For now, though, this was perfect. It was also vindication for his decision to start Dybala. Or maybe, if he was always going to, and many suspected he was, to hide that fact from his opponents. The day before Mourinho had said that the Argentinian, returning from injury and could play twenty or thirty little minutes. He had already been out there four more than that and his impact had been decisive. In the end, he played just over an hour and departed in tears, his impact significant but not enough.
If this was had been presumed to be a clash of styles, Mendilibar saying: “they don’t worry too much about getting to your goal that often; in that sense, they’re not like us”, Dybala’s inclusion suggested that Roma would take a step forward a little sooner, making the most of him for as long as he could last. Wonderful footwork from him had led to the first really clear chance after just nine minutes, Spinazzola given a clear sight of goal only to underhit his shot. And an even better run almost gave them the opportunity for a second ten minutes after the goal.
Roma had also thought they might have had a penalty when Gudelj lifted his foot high to hook away from Abraham. In a game of little fluidity and many fouls, Sevilla meanwhile had done little until then, although the seven minutes added to the first half because of a series of head clashes, saw them start to threaten at last. With Bryan Gil up and running now, Ivan Rakitic’s side footed shot flew hit the post, somehow avoiding the diving Rui Patricio’s back on the way out again
If Roma had just avoided a fatal deflection that time, it was different when Navas’s cross sought out En Nesyri and Ocampos early in the second half. Mancini got ahead of them but could only turn the ball into his own net. The team that got two astonishing own goals at Old Trafford had another here, the momentum seemingly theirs now: they had only been back out there eight minutes but there had already been an Ocampos attempt at an overhead kick and an opportunity for Telles, who blasted over.
As time went on, tension took over. An extraordinary scramble almost saw Roma take the lead again, Ibañez, Mancini and Abraham all bundling in on a deep free kick, the Englishman stretching to turn a shot goalwards only for Bono to save. With bodies everywhere, breath held around this arena, the ball came back to Ibañez who scuffed wide.
Hearts were then in mouths again only at the other end when Ocampos wriggled free in the area and went down challenged from Ibañez. Taylor pointed to the spot only to be called to the VAR screen where, with Mourinho wagging a finger behind him, he watched the tackle again. Seemingly part ball, part shin, it could have gone either way; it went Roma’s. A moment later, a big shout for a hand ball from Fernando in the opposite area did not.
There was little in the way of clear chances but a feeling that it would only take one. A clever clipped free kick from Lorenzo Pellegrini gave Andrea Belotti a wonderful opportunity, sliding in to volley, only for him to slice past the post. For Sevilla, En Nesyri headed over and Suso’s shot was saved, before Fernando shot wide, sending these exhausted but still undefeated men, back into battle for thirty minutes more. Many of them had nothing left, and the fear now could be felt, Roma’s players down everywhere.

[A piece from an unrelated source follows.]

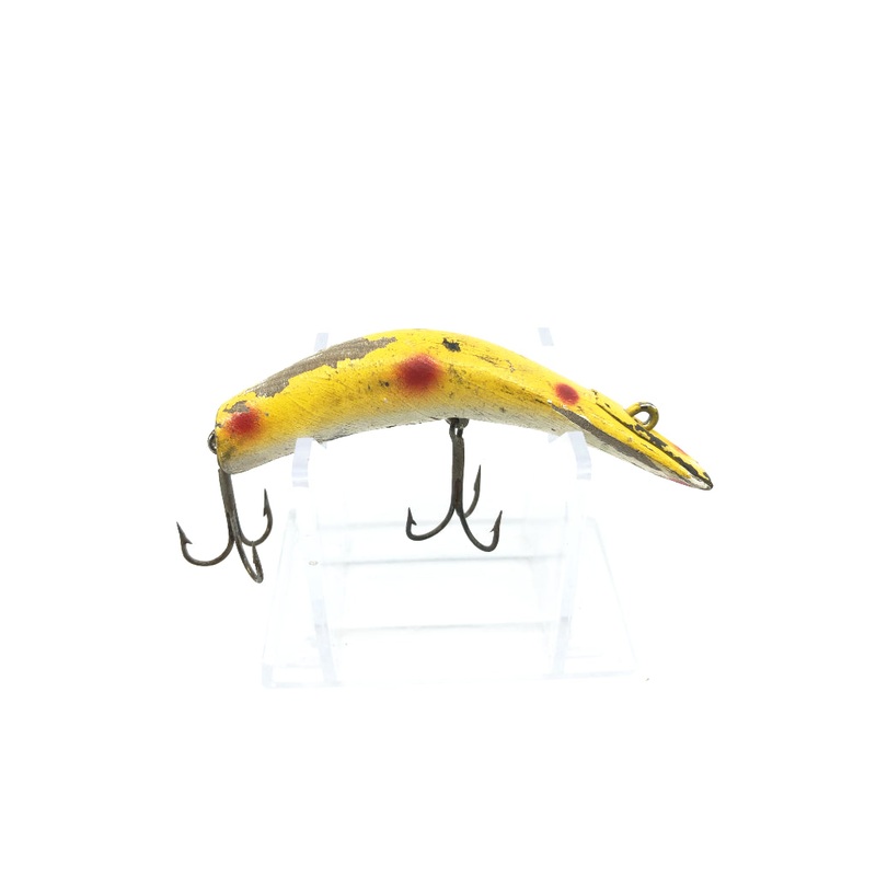 Wooden Kautzky Lazy Ike 3 Yellow Spots Color Warrior. About 3″ long. Used with significant wear as shown. See photos. This warrior has seen some life. Proudly display, repaint or put this one back in the boat where it belongs. These old wooden ones from the 1950’s know how to catch fish. This one didn’t get this way by sitting on a shelf. See how many fish it can put back in your boat.

Still nothing would entirely break them, still no one would crumble completely. Roma seemed to want penalties, which didn’t prove a great plan, although with the clock on 130.40, Smalling’s header came back off the bar. And yet this was fate, they knew. It felt like they always had. And so when at last it ended, three long hours after it had begun, history made, it was from the spot. Even then that needed a little extra time and one last twist added to an astonishing tale.